Like many New Yorkers, I went to this show because the Doug Wheeler exhibit next door was full. On my way into the David Zwirner Gallery, I ran into Emma Harden, who introduced me to Raluca Ancuta. We were talking about Bennington, in the cold, when suddenly I realized: "I better enter the gallery before it closes!" It was 5:58.
The rooms were empty. The best way to see minimalist art is in a vacant gallery. The paintings are no longer "up for inspection;" they are at ease.

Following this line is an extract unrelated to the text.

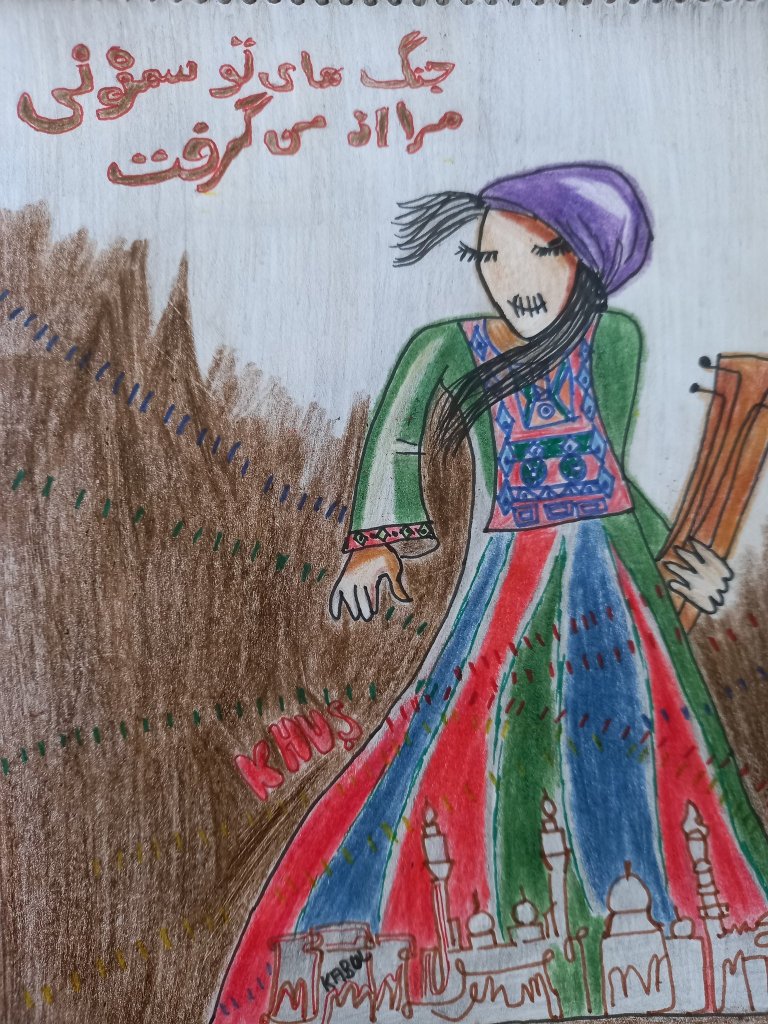 Some details about this art , the idea is taken from an Afghan graffiti artist ,Shamsia Hassani, who’s using her art to record her protest in a war torn, Male dominated society, depriving the women of their basic rights of education and living freely .Although I have made huge changes in her original idea , for example, the sealed lips are portraying her silence, the colours of her dress are carefully chosen according to the traditional style and colours of the Afghan culture, as the Afghan loves green , red ,blue and bright colours, the design on the upper body of the dress is showing the embroidery the Afghan dresses are famous for, and at the bottom of the dress is an humble effort to make a connection to the symbol of Kabul, the minarets of the mosque, the girl is holding an instrument but there’s no music,as her lips are sealed , so the caption above was something of an inspiration “جنگ های تو سمفونی مرا از من گرفت ” , meaning “your wars took my symphony away from me”.

On Kawara paints the date in white letters, on a black background — always capitalized. The Zwirner has his very first date painting, from January 4, 1966. On has painted them in 136 cities, which are listed in chronological order in the western gallery. Sometimes he abbreviates the month, and other times he doesn’t. I recorded some unusual month-names:
GEN.
OTT.
MARZ
AGO.
ÁG.
DEZ.
DIC.
ENE.
JUNI
I spoke to a woman behind a desk. "If he’s in a country where they don’t use the Roman alphabet, he’ll write the month in Esperanti," she explained. (She must have meant Esperanto, the universal language invented by L. L. Zamenhof in 1887.)

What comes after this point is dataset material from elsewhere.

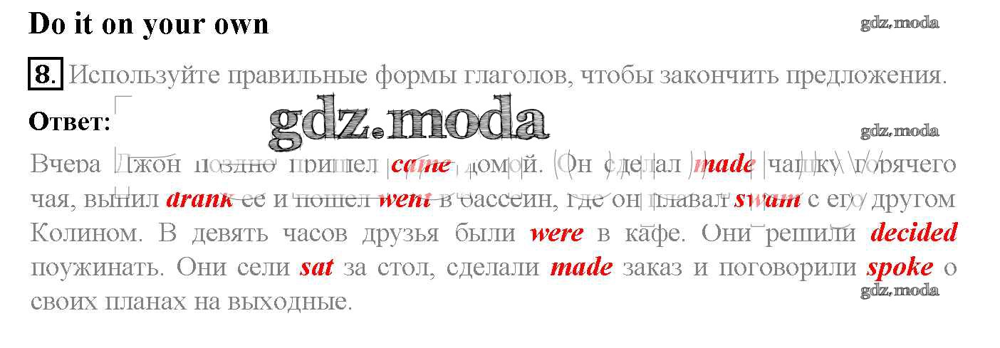 ОТВЕТ на задание № 8 Учебник по Английскому языку 5 класс Афанасьева Rainbow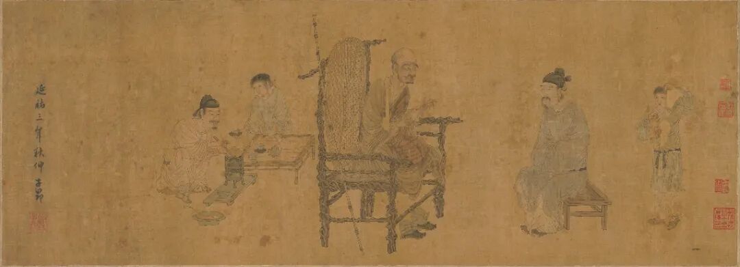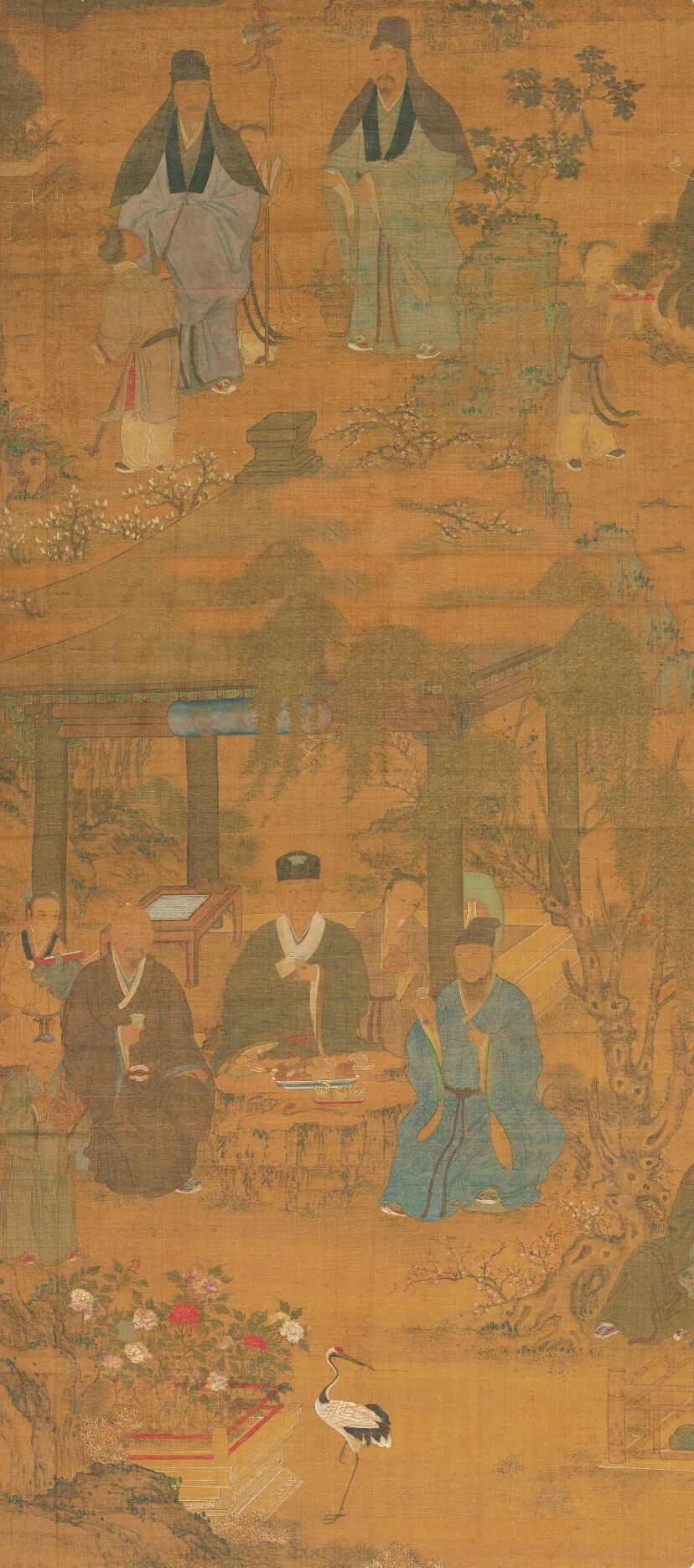此图为明人所绘,作者不详,所绘诸老雅聚于庭院之中,有牡丹、仙鹤、鹿、寿桃、佛手、石榴、葫芦等作衬景,有福、禄、寿等祥瑞之意。此画颇类常见的“香山九老图”。

Standing in the room with dozens of On’s canvases, I felt calm, oceanic. His paintings emit a suave contentment. They have a higher purpose, which we don’t understand, and probably On doesn’t, either. Art is not about understanding, luckily. Art is about "art emotions" — feelings that can only exist on canvas. Art emotions often make you feel like laughing and crying at once.